Goal of the exercise:
Look in the listing below for the line that has "以诗益书修文人,放手写心传晋", then return it and each following line up to and including the one with "除了秘密森林,咱们的农场里也", exactly and without pictures.

☆ ☆ ☆

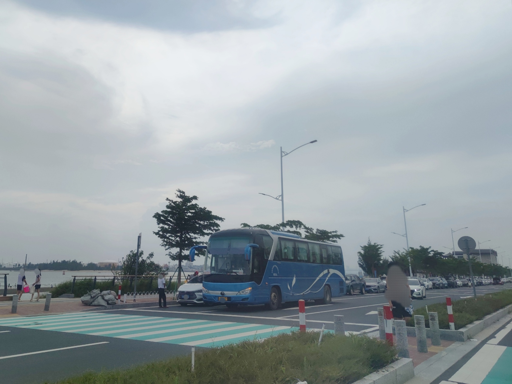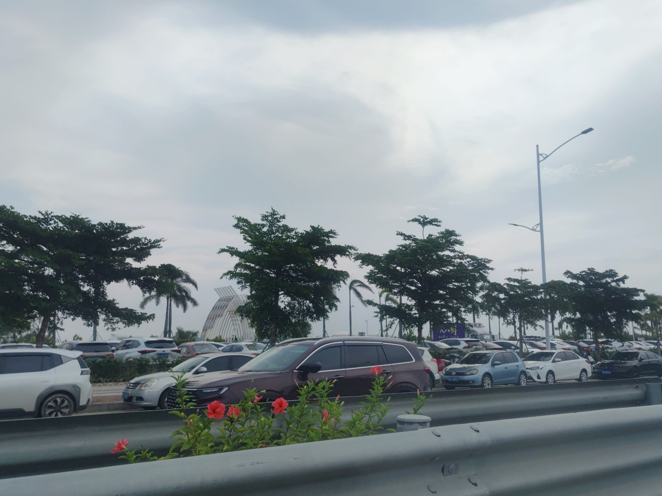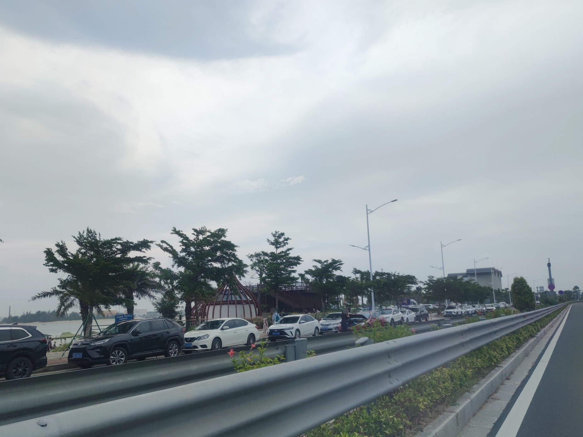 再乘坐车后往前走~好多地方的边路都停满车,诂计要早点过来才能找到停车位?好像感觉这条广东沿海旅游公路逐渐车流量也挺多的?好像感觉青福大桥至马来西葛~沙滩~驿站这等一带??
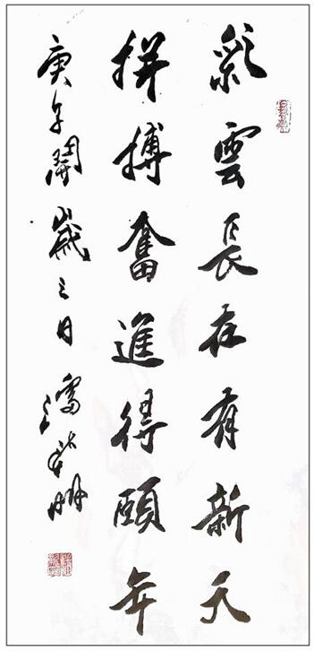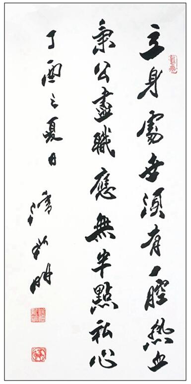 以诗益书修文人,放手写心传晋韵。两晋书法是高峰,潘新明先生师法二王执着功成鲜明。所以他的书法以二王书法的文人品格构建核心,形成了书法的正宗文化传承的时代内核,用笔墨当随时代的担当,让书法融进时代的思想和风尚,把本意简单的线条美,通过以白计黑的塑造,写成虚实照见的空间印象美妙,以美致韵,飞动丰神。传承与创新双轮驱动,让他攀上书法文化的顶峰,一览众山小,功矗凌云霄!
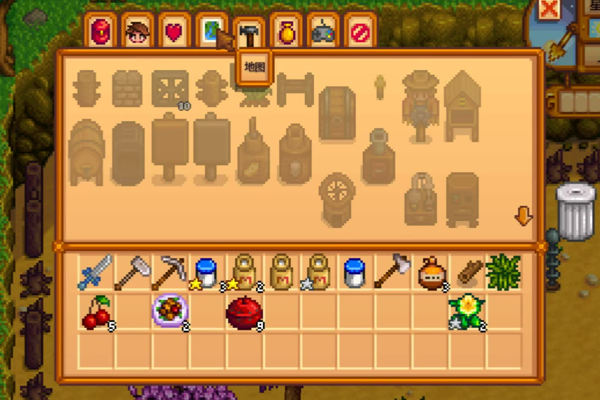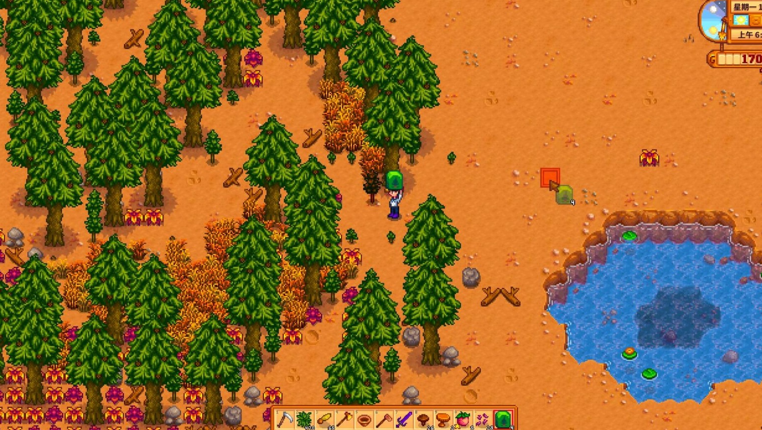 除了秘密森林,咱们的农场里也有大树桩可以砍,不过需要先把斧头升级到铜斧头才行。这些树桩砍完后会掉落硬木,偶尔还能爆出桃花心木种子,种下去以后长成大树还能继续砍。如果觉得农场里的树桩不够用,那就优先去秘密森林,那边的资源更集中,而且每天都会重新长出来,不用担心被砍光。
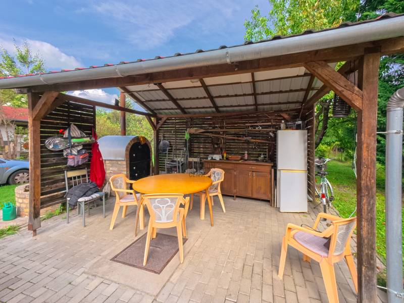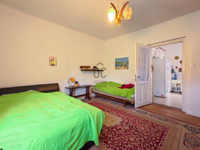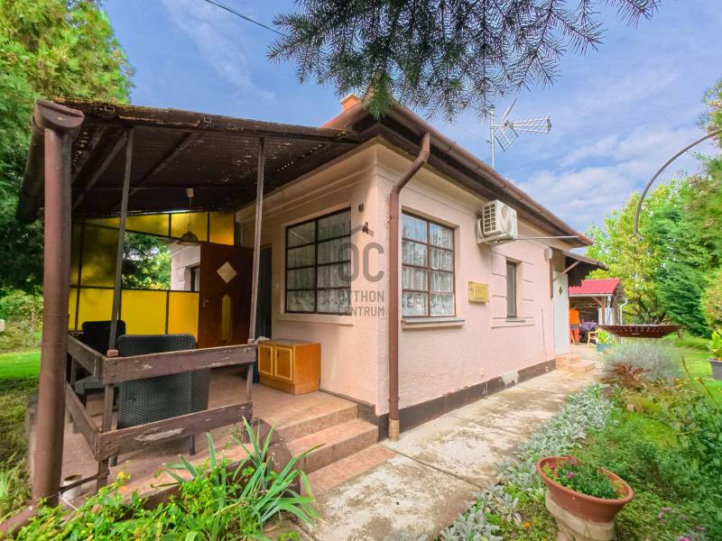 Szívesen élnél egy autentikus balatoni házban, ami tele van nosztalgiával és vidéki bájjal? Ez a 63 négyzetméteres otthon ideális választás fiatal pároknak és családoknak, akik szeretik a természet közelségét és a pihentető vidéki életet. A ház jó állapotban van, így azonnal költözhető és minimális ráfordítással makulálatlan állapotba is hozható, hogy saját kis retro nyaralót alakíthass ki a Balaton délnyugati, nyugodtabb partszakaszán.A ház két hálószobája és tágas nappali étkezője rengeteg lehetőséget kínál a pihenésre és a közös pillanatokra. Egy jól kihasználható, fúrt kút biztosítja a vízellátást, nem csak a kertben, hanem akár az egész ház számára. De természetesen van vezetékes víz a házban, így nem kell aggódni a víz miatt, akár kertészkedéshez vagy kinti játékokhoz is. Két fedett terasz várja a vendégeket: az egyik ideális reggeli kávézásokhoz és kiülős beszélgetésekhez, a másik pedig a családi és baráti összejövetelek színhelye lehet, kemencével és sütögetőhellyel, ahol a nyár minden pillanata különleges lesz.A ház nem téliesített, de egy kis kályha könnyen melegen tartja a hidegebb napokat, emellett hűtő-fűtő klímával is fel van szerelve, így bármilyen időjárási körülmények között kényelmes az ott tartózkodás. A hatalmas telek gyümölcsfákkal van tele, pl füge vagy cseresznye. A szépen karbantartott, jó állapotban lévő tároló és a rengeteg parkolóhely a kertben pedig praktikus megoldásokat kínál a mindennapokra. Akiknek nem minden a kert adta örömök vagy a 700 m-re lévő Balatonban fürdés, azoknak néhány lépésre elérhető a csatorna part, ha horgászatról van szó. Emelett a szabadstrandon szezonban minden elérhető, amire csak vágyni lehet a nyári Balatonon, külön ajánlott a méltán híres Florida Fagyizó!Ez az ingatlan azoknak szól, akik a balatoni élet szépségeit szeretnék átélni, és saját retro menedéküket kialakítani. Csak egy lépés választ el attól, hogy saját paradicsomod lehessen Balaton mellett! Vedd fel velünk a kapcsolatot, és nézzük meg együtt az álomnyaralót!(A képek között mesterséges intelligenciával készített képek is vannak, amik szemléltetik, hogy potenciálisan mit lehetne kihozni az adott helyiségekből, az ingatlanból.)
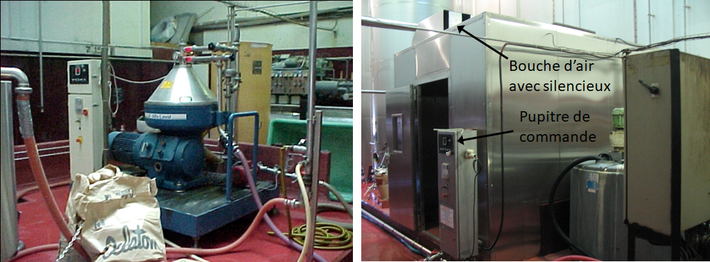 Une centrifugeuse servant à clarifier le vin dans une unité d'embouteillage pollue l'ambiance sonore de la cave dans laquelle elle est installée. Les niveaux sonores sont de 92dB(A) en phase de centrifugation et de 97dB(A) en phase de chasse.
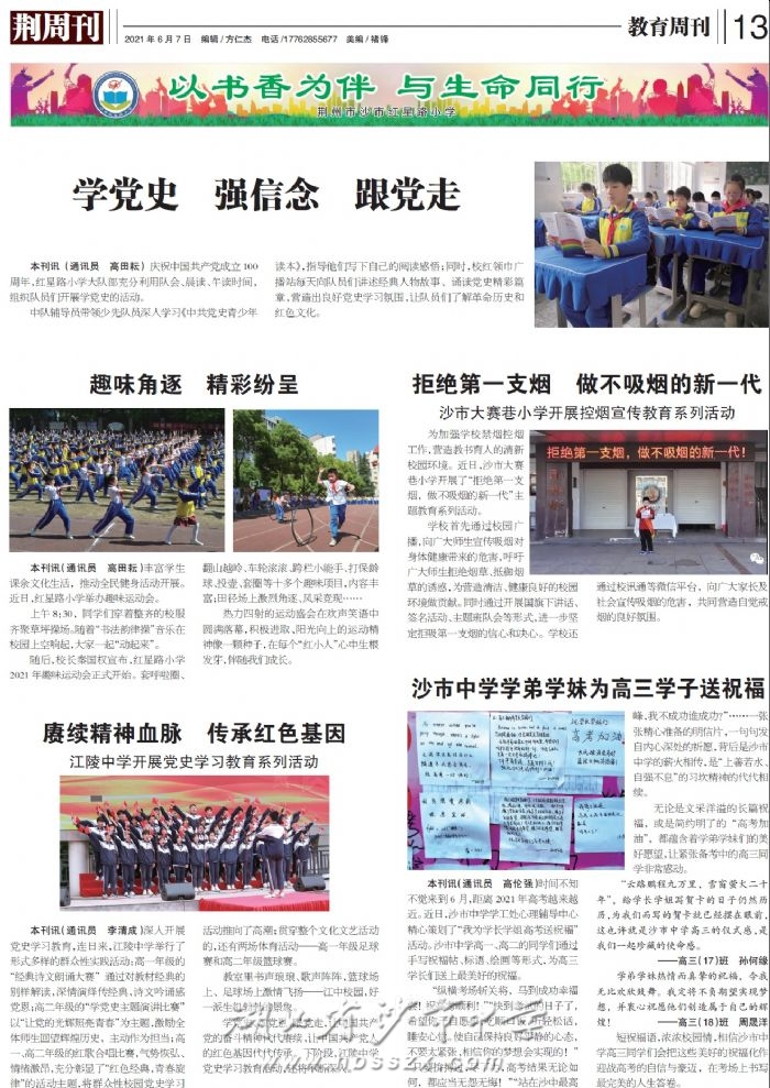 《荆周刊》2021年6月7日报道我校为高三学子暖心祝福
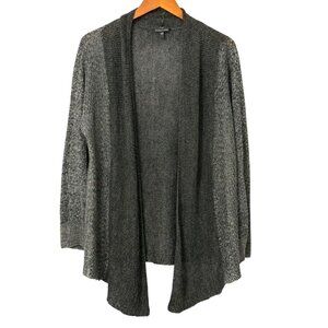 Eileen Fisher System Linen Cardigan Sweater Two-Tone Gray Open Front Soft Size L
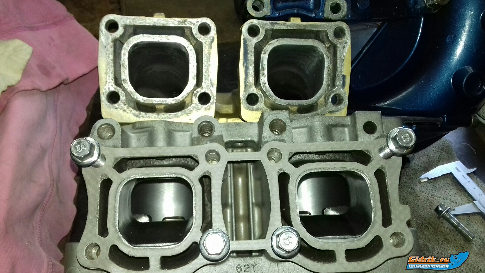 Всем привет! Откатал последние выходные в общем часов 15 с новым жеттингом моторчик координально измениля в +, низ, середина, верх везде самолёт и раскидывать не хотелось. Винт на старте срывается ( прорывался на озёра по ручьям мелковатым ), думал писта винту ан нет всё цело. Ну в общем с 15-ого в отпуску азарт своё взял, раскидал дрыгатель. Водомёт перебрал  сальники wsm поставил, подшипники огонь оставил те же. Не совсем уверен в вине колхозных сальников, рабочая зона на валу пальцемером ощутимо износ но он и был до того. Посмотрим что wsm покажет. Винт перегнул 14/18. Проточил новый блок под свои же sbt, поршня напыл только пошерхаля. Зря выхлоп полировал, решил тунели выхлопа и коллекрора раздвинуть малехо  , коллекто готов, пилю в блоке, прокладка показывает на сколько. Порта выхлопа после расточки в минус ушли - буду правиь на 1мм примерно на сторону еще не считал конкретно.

☆ ☆ ☆

Task output:
 以诗益书修文人,放手写心传晋韵。两晋书法是高峰,潘新明先生师法二王执着功成鲜明。所以他的书法以二王书法的文人品格构建核心,形成了书法的正宗文化传承的时代内核,用笔墨当随时代的担当,让书法融进时代的思想和风尚,把本意简单的线条美,通过以白计黑的塑造,写成虚实照见的空间印象美妙,以美致韵,飞动丰神。传承与创新双轮驱动,让他攀上书法文化的顶峰,一览众山小,功矗凌云霄!
 除了秘密森林,咱们的农场里也有大树桩可以砍,不过需要先把斧头升级到铜斧头才行。这些树桩砍完后会掉落硬木,偶尔还能爆出桃花心木种子,种下去以后长成大树还能继续砍。如果觉得农场里的树桩不够用,那就优先去秘密森林,那边的资源更集中,而且每天都会重新长出来,不用担心被砍光。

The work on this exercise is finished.